| TASK PROMPT |
Please copy every record below exactly and leave out the pictures.

────────────────────────────────────────

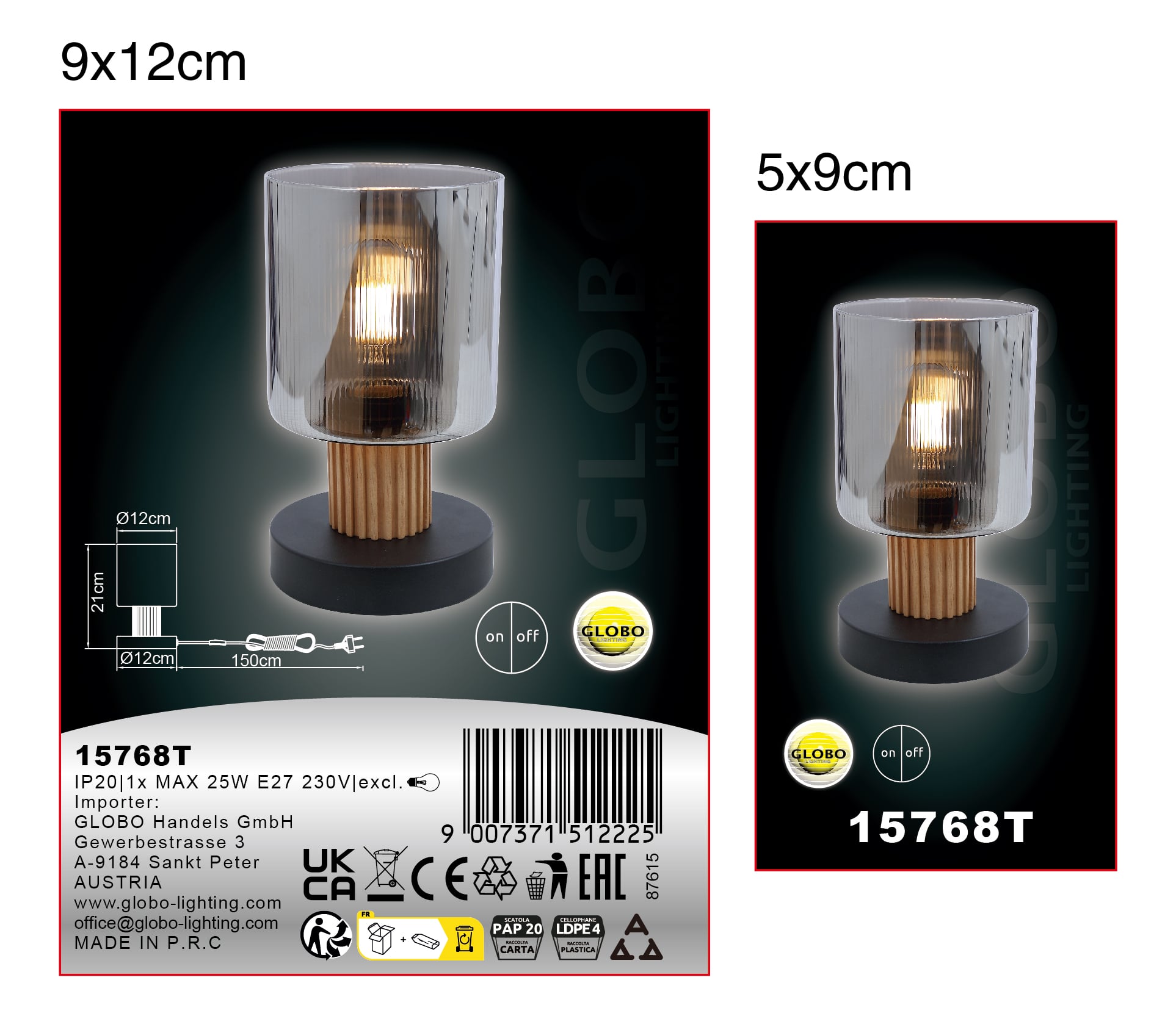 Stona lampa ALEIDIS impresionira svojim dizajnom u obliku šolje i drvenim aplikacijama. Abažur od dimljenog stakla i crno, mat metalno kućište čine harmoničnu kombinaciju zajedno sa tamnosmeđim drvetom. Prekidač na kablu omogućava jednostavno rukovanje. Pogodno za sijalicu E27 (ekskluzivno).
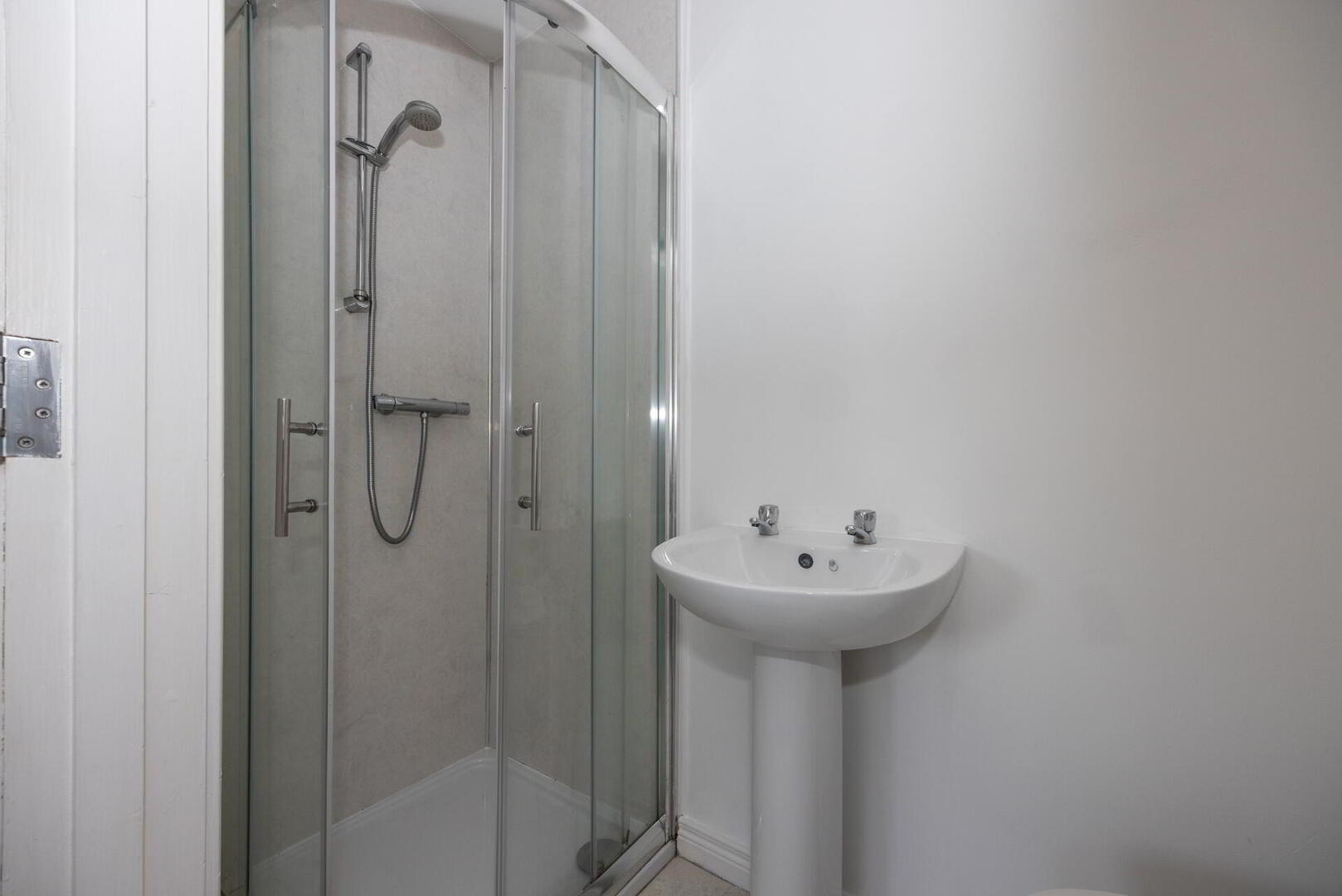 ENSUITE SHOWER ROOM Shower cubicle with chrome taps, pedestal wash hand basin with chrome taps, low flush w.c, heated chrome towel radiator, tiled floor, spot lighting
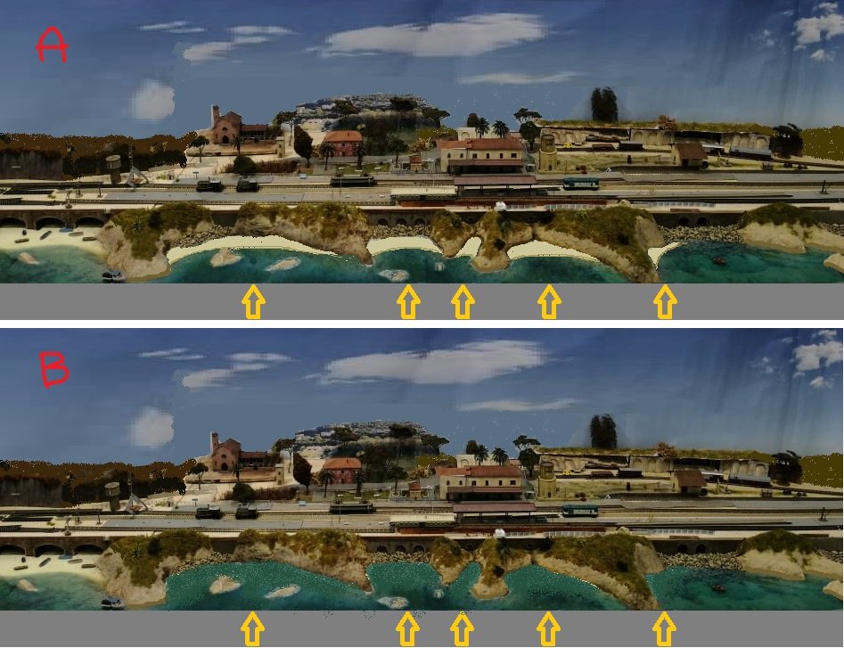 Metto 2 foto.Una con il mare increspato (bello se visto dal basso) e l'altra con il mare "piatto" (bellissimo per me se visto dall'alto) Io vorrei mantenere la totale trasparenza.Voi che dite?E' un compromesso accettabile?Si tratta di scala N
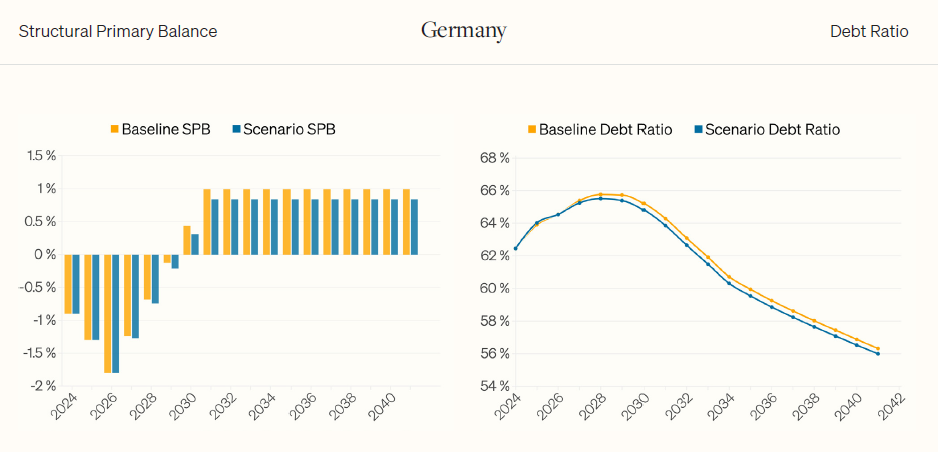 L’exemple allemand illustre l’ampleur de ce changement d’approche. Dans le scénario de référence utilisé dans les plans budgétaires à moyen terme (MTFSP), la croissance potentielle est estimée à 0,90 % par an, ce qui implique un objectif de solde primaire structurel (SPB) d’environ 0,99 % du PIB pour stabiliser la dette. Mais lorsque les auteurs intègrent les effets macroéconomiques de long-terme du programme d’investissement dans les infrastructures publiques du gouvernement Merz de 500 Mds€, la croissance potentielle s’élève à 1,15 %, permettant de ramener la cible de solde structurel primaire requis à 0,84 % du PIB.
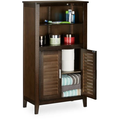 General description This Relaxdays LAMELL Dark Brown Bathroom Cabinet combines natural beauty with functionality, making it a perfect addition to any bathroom. Crafted entirely from robust bamboo, this cabinet is designed for damp or moist environments, ensuring durability and longevity. The slat doors promote optimal air circulation, keeping your items fresh and dry. With two shelves and compartments, it offers ample storage space for all your cleaning and bathroom supplies, and it can also serve as a stylish telephone table in your hallway. Technical specifications Dimensions: HxWxD: 92 x 50 x 25.5 cm Weight: approximately 8.7 kg Capacity of top shelf: approximately 50 kg Capacity of interior shelves: approximately 15 kg Material: 100% Bamboo Other information Included in delivery: Bathroom cabinet in pieces, instructions, assembly materials Decorative items shown in product photos are not included
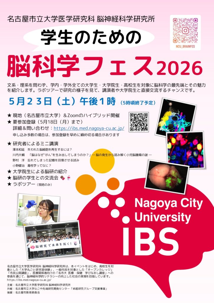 | 主催・共催・後援 | 主催:名古屋市立大学大学院医学研究科 脳神経科学研究所 共催:名古屋市立大学なごや先端研究開発センター「卓越研究グループ支援事業」 後援:名古屋市教育委員会 |
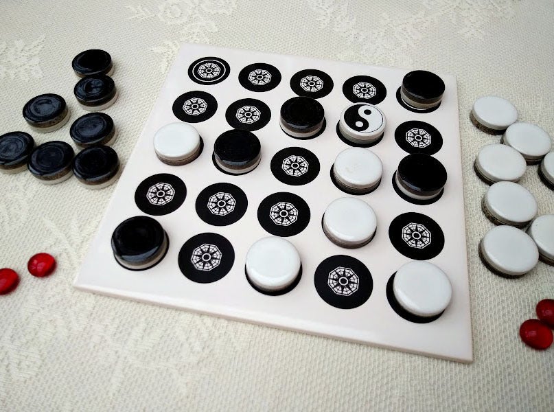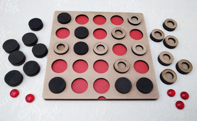 5x5=25マスのボード上で25個の平面と凹面のリバーシブル駒を用いた2人プレーゲームです。より多くの自色の駒を配置したプレーヤーが勝ちです。
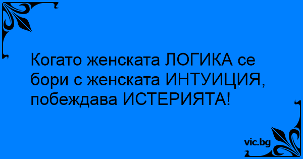 Когато женската ЛОГИКА се бори с женската ИНТУИЦИЯ, побеждава ИСТЕРИЯТА!
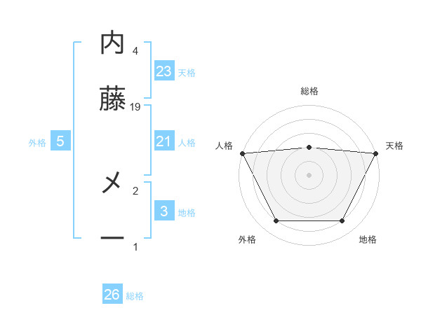 内藤 メーさんの天格は23画の5点!
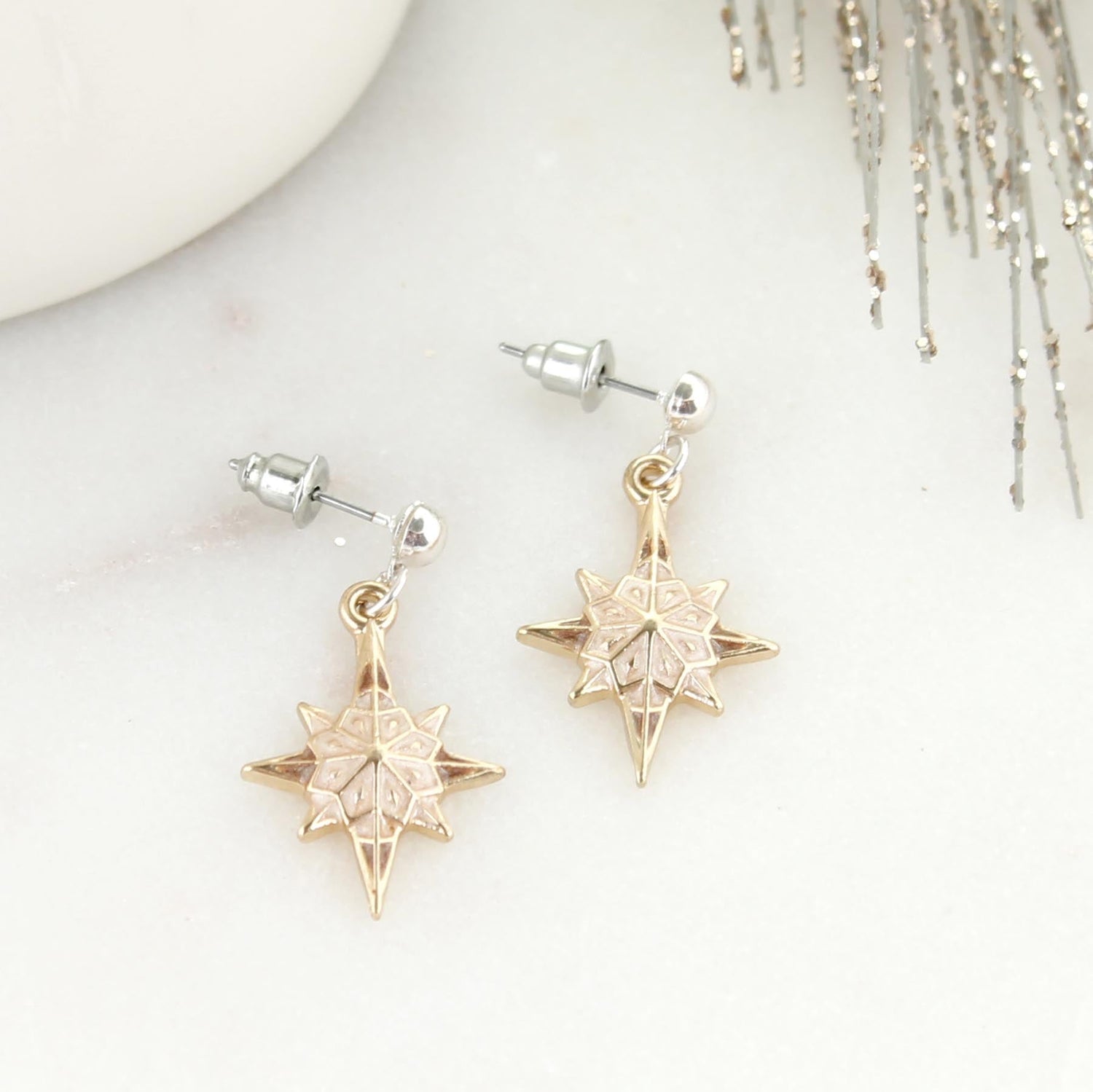 Gold tone nativity star post earrings. A classic Christmas piece! Star measures approximately 1” in height.
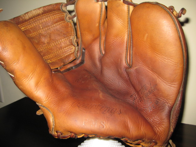 I have a Rawlings Playmaker Supreme Model PMS that I woud like to sell or trade. This top of the line (1950/51) glove is in great condition with a really nice patch, some silver still left in the stampings, liner is smooth, and it has a nice Rawlings shield button. Only flaws are that it has some leather on the pinky that is a little rough and there is a sort of "snugger" strap under the wrist strap and the lacing is broken. This glove will display well and the best offer will take this top of the line glove. If interested send me a PM or email me at richb34@comcast.net.
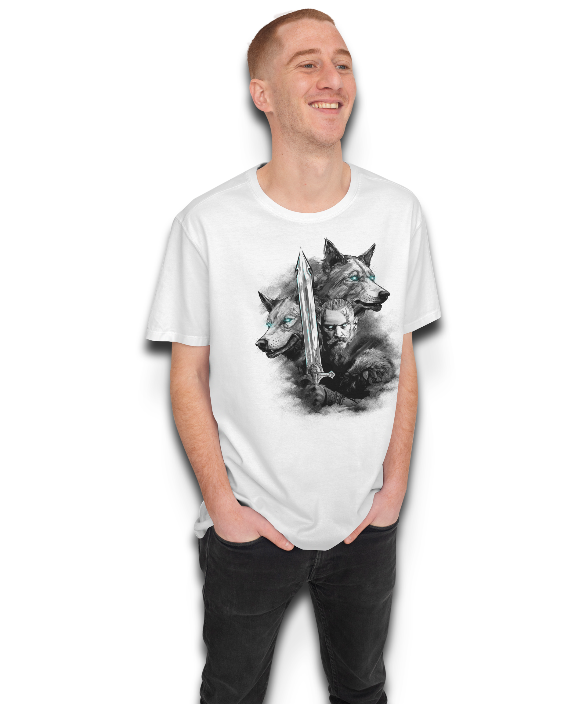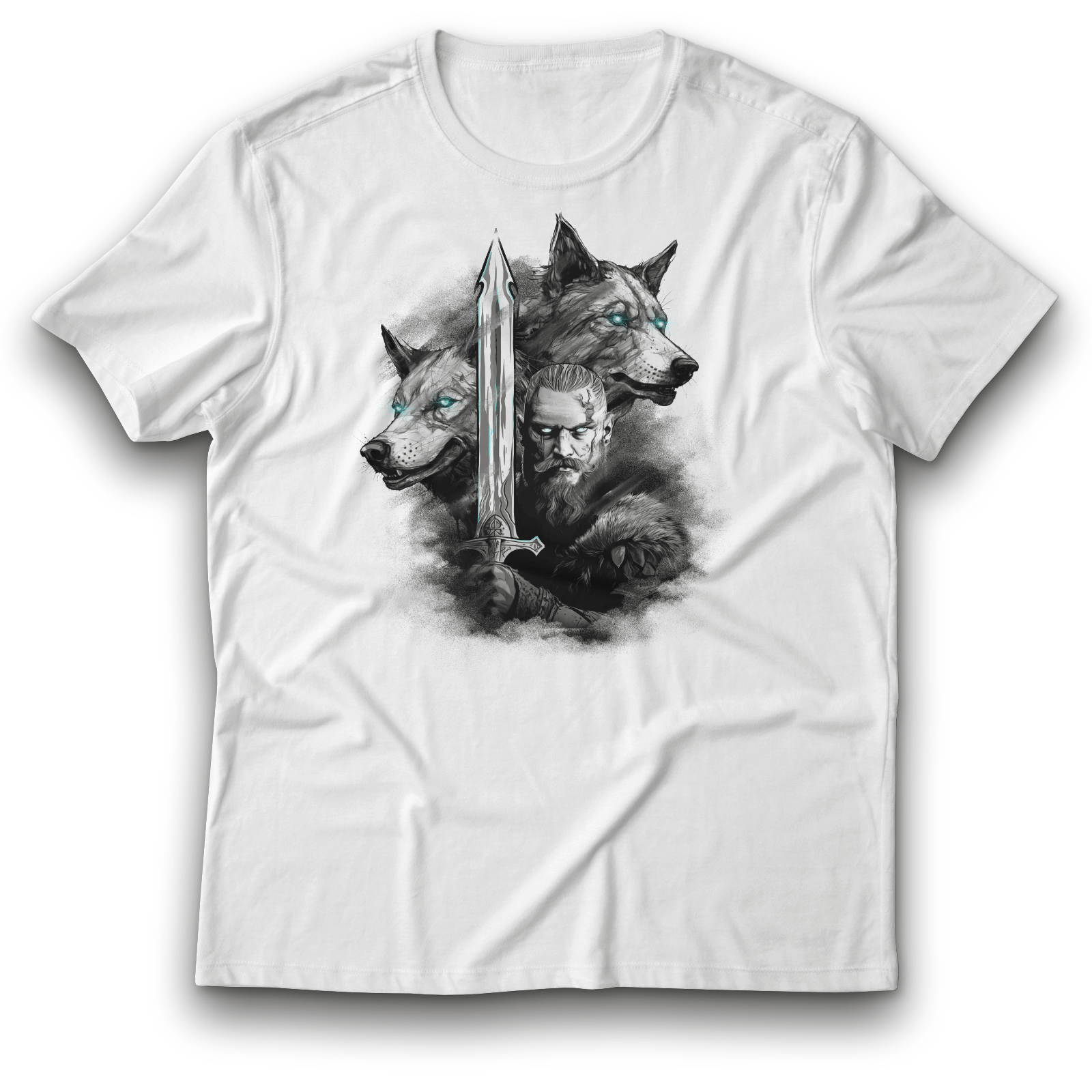 Wikinger & Wölfe Wolf Wikinger Kämpfer Odin Valhalla Keltisch Nordisch Mythologie T-Shirt weiß 122 - 3XL Baumwolle Ragnar Raubtier
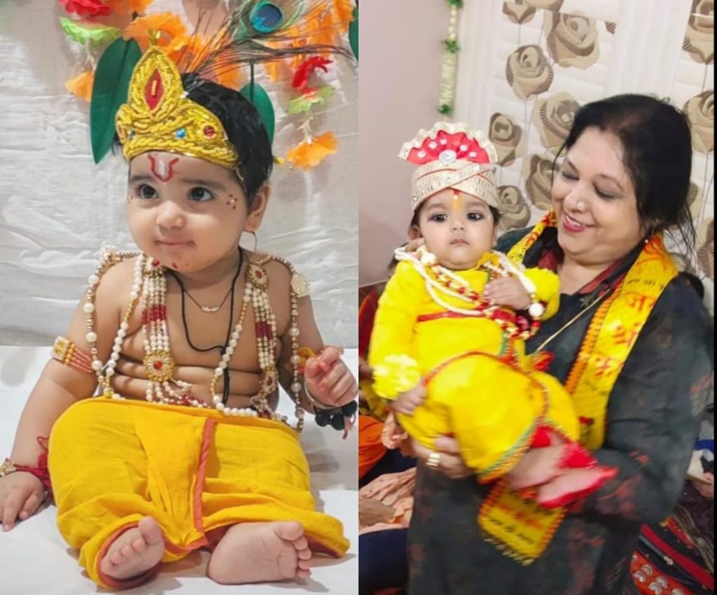 नन्हे बालक श्रीकृष्ण बने विराट गजवानी,मम्मी गुंजन गजवानी पापा अविनाश गजवानी
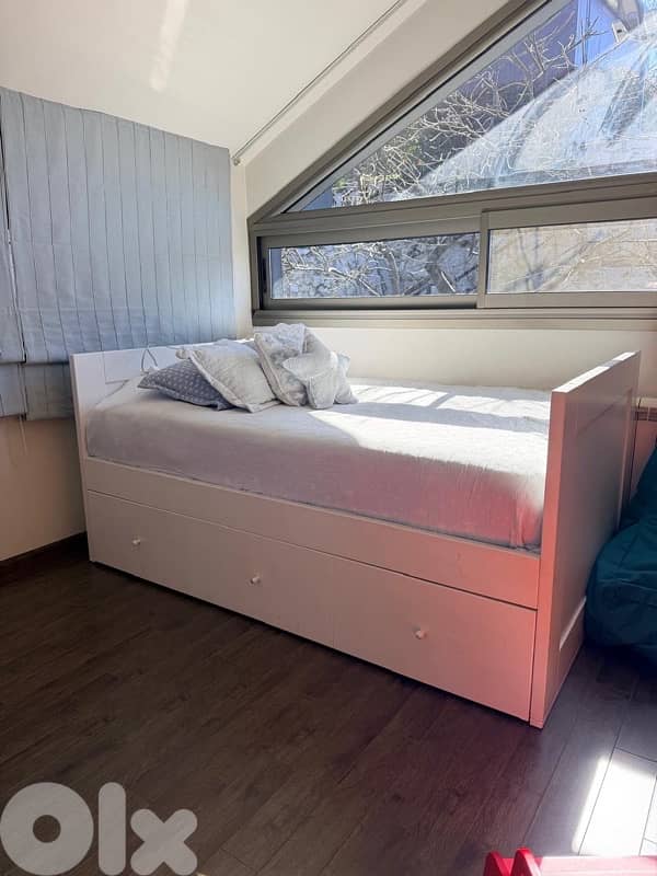 Single bed for sale in excellent, almost new condition. The bed comes with the mattress included, both very lightly used and well maintained. Clean, comfortable, and ready to use right away.

────────────────────────────────────────

| EXPECTED ANSWER |
 Stona lampa ALEIDIS impresionira svojim dizajnom u obliku šolje i drvenim aplikacijama. Abažur od dimljenog stakla i crno, mat metalno kućište čine harmoničnu kombinaciju zajedno sa tamnosmeđim drvetom. Prekidač na kablu omogućava jednostavno rukovanje. Pogodno za sijalicu E27 (ekskluzivno).
 ENSUITE SHOWER ROOM Shower cubicle with chrome taps, pedestal wash hand basin with chrome taps, low flush w.c, heated chrome towel radiator, tiled floor, spot lighting
 Metto 2 foto.Una con il mare increspato (bello se visto dal basso) e l'altra con il mare "piatto" (bellissimo per me se visto dall'alto) Io vorrei mantenere la totale trasparenza.Voi che dite?E' un compromesso accettabile?Si tratta di scala N
 L’exemple allemand illustre l’ampleur de ce changement d’approche. Dans le scénario de référence utilisé dans les plans budgétaires à moyen terme (MTFSP), la croissance potentielle est estimée à 0,90 % par an, ce qui implique un objectif de solde primaire structurel (SPB) d’environ 0,99 % du PIB pour stabiliser la dette. Mais lorsque les auteurs intègrent les effets macroéconomiques de long-terme du programme d’investissement dans les infrastructures publiques du gouvernement Merz de 500 Mds€, la croissance potentielle s’élève à 1,15 %, permettant de ramener la cible de solde structurel primaire requis à 0,84 % du PIB.
 General description This Relaxdays LAMELL Dark Brown Bathroom Cabinet combines natural beauty with functionality, making it a perfect addition to any bathroom. Crafted entirely from robust bamboo, this cabinet is designed for damp or moist environments, ensuring durability and longevity. The slat doors promote optimal air circulation, keeping your items fresh and dry. With two shelves and compartments, it offers ample storage space for all your cleaning and bathroom supplies, and it can also serve as a stylish telephone table in your hallway. Technical specifications Dimensions: HxWxD: 92 x 50 x 25.5 cm Weight: approximately 8.7 kg Capacity of top shelf: approximately 50 kg Capacity of interior shelves: approximately 15 kg Material: 100% Bamboo Other information Included in delivery: Bathroom cabinet in pieces, instructions, assembly materials Decorative items shown in product photos are not included
 | 主催・共催・後援 | 主催:名古屋市立大学大学院医学研究科 脳神経科学研究所 共催:名古屋市立大学なごや先端研究開発センター「卓越研究グループ支援事業」 後援:名古屋市教育委員会 |
 5x5=25マスのボード上で25個の平面と凹面のリバーシブル駒を用いた2人プレーゲームです。より多くの自色の駒を配置したプレーヤーが勝ちです。
 Когато женската ЛОГИКА се бори с женската ИНТУИЦИЯ, побеждава ИСТЕРИЯТА!
 内藤 メーさんの天格は23画の5点!
 Gold tone nativity star post earrings. A classic Christmas piece! Star measures approximately 1” in height.
 I have a Rawlings Playmaker Supreme Model PMS that I woud like to sell or trade. This top of the line (1950/51) glove is in great condition with a really nice patch, some silver still left in the stampings, liner is smooth, and it has a nice Rawlings shield button. Only flaws are that it has some leather on the pinky that is a little rough and there is a sort of "snugger" strap under the wrist strap and the lacing is broken. This glove will display well and the best offer will take this top of the line glove. If interested send me a PM or email me at richb34@comcast.net.
 Wikinger & Wölfe Wolf Wikinger Kämpfer Odin Valhalla Keltisch Nordisch Mythologie T-Shirt weiß 122 - 3XL Baumwolle Ragnar Raubtier
 नन्हे बालक श्रीकृष्ण बने विराट गजवानी,मम्मी गुंजन गजवानी पापा अविनाश गजवानी
 Single bed for sale in excellent, almost new condition. The bed comes with the mattress included, both very lightly used and well maintained. Clean, comfortable, and ready to use right away.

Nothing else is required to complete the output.